Cloudsoc API Keys and its relation with the user account status
search cancel

Cloudsoc API Keys and its relation with the user account status

book

Article ID: 269498

calendar_today

Updated On:

Products

CASB Advanced Threat Protection CASB Audit CASB Gateway CASB Gateway Advanced CASB Security Advanced CASB Security Advanced IAAS CASB Security Premium CASB Security Premium IAAS CASB Security Standard CASB Securlet IAAS CASB Securlet SAAS CASB Securlet SAAS With DLP-CDS

Issue/Introduction

Cloudsoc API Keys are tied to the owner (which is the user account used to create the key). The keys inherit the user permissions (either via role or the access profile assigned), and the events made by the API Key gets populated in the console using the API Key owner.

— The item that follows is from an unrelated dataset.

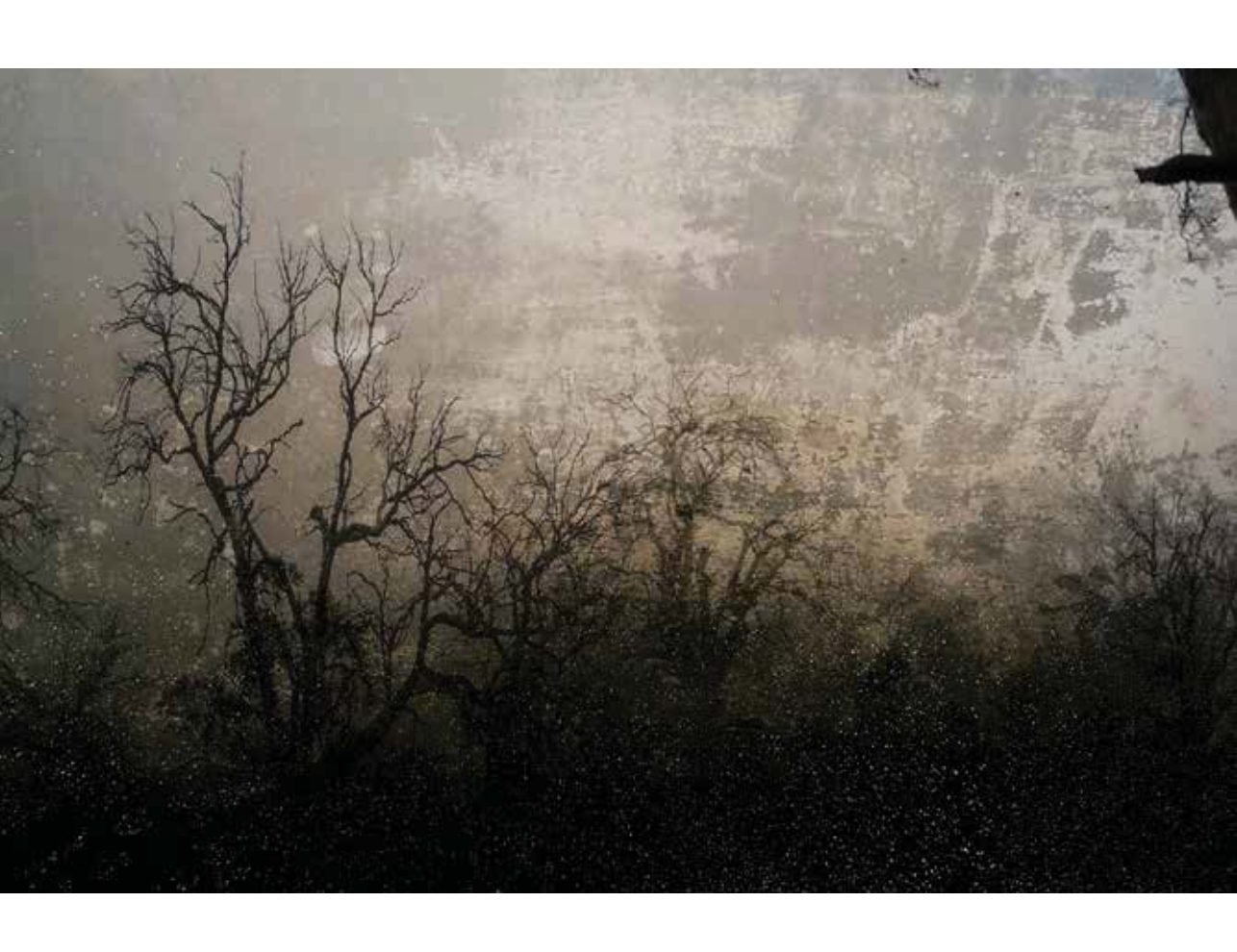
As night falls, digital print on composite aluminium sheet, 2017

This article clarifies more the impact on the API Key status if the user account status changes.

Resolution

1- User Account deletion

Upon the deletion of the user account, the API key loses its validity, and it won't be able to authenticate to Cloudsoc. All the operations made by the API Key afterward won't be able to authenticate to Cloudsoc ( HTTP unauthenticated response  - Response code 401 - ).

The API key will not be deleted automatically, it will continue to be listed under the existing API Key list.

 

2- User Account is Deactivated

Once the user account is deactivated, the API Key will lost the inherited permissions. All the operations made by the API key afterward will be denied access (HTTP Forbidden - 403 Response -)

 

3- User account role changes (demoted or promoted):

The API Key always inherits the permissions from the current setting of the user account that created it. If the user account is demoted to a "User" account, then it won't be able to perform any administrator task ( HTTP Unauthenticated response - HTTP 401-). while it will restore the administrator permissions if the role changes back to "System Admin" for example.

Verify the current role and the assigned access profile to verify the assigned permissions.

 

4- Recreate a deleted user

As per the first use case, if the user account gets deleted then the API key will lose its inherited permissions.

If the same user account is recreated  -within a reasonable period of time-, then the user account will be assigned the same user id and the key will be tied again to the exact same user account inheriting the currently assigned permissions (either via role or access profile).